Wearable electronic sensors hold tremendous promise for improving human health and wellness. That promise already runs the gamut from real-time monitoring of blood pressure and abnormal heart rhythms to measuring alcohol consumption and even administering vaccines.

Now a new study published in the journal Science Advances [1] demonstrates the promise of wearables also extends to the laboratory. A team of engineers has developed a flexible, adhesive strip that, at first glance, looks like a Band-Aid. But this “bandage” actually contains an ultra-sensitive, battery-operated sensor that’s activated when placed on the skin of mouse models used to study possible new cancer drugs.

This sensor is so sensitive that it can detect, in real time, changes in the size of a tumor down to one-hundredth of a millimeter. That’s about the thickness of the plastic cling wrap you likely have in your kitchen! The device beams those measures to a smartphone app, capturing changes in tumor growth minute by minute over time.

The goal is to determine much sooner—and with greater automation and precision—which potential drug candidates undergoing early testing in the lab best inhibit tumor growth and, consequently, should be studied further. In their studies in mouse models of cancer, researchers found the new sensor could detect differences between tumors treated with an active drug and those treated with a placebo within five hours. Those quick results also were validated using more traditional methods to confirm their accuracy.

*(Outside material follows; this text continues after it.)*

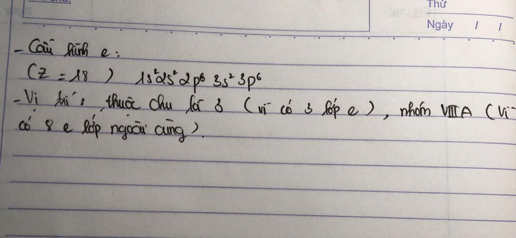 Thuộc nhóm VIIIA vì có 8 electron lớp ngoài cùng và e cuối cùng của nó rơi vào phân lớp p

The device is the work of a team led by Alex Abramson, a former post-doc with Zhenan Bao, Stanford University’s School of Engineering, Palo Alto, CA. Abramson has since launched his own lab at the Georgia Institute of Technology, Atlanta.

The Stanford team began looking for a technological solution after realizing the early testing of potential cancer drugs typically requires researchers to make tricky measurements using pincer-like calipers by hand. Not only is the process tedious and slow, it’s less than an ideal way to capture changes in soft tissues with the desired precision. The imprecision can also lead to false leads that won’t pan out further along in the drug development pipeline, at great time and expense to their developers.

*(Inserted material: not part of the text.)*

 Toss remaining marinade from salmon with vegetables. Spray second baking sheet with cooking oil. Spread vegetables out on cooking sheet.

To refine the process, the NIH-supported team turned to wearable technology and recent advances in flexible electronic materials. They developed a device dubbed FAST (short for Flexible Autonomous Sensor measuring Tumors). Its sensor, embedded in a skin patch, is composed of a flexible and stretchable, skin-like polymer with embedded gold circuitry.

Here’s how FAST works: Coated on top of the polymer skin patch is a layer of gold. When stretched, it forms small cracks that change the material’s electrical conductivity. As the material stretches, even slightly, the number of cracks increases, causing the electronic resistance in the sensor to increase as well. As the material contracts, any cracks come back together, and conductivity improves.

By picking up on those changes in conductivity, the device measures precisely the strain on the polymer membrane—an indication of whether the tumor underneath is stable, growing, or shrinking—and transmits that data to a smartphone. Based on that information, potential therapies that are linked to rapid tumor shrinkage can be fast-tracked for further study while those that allow a tumor to continue growing can be cast aside.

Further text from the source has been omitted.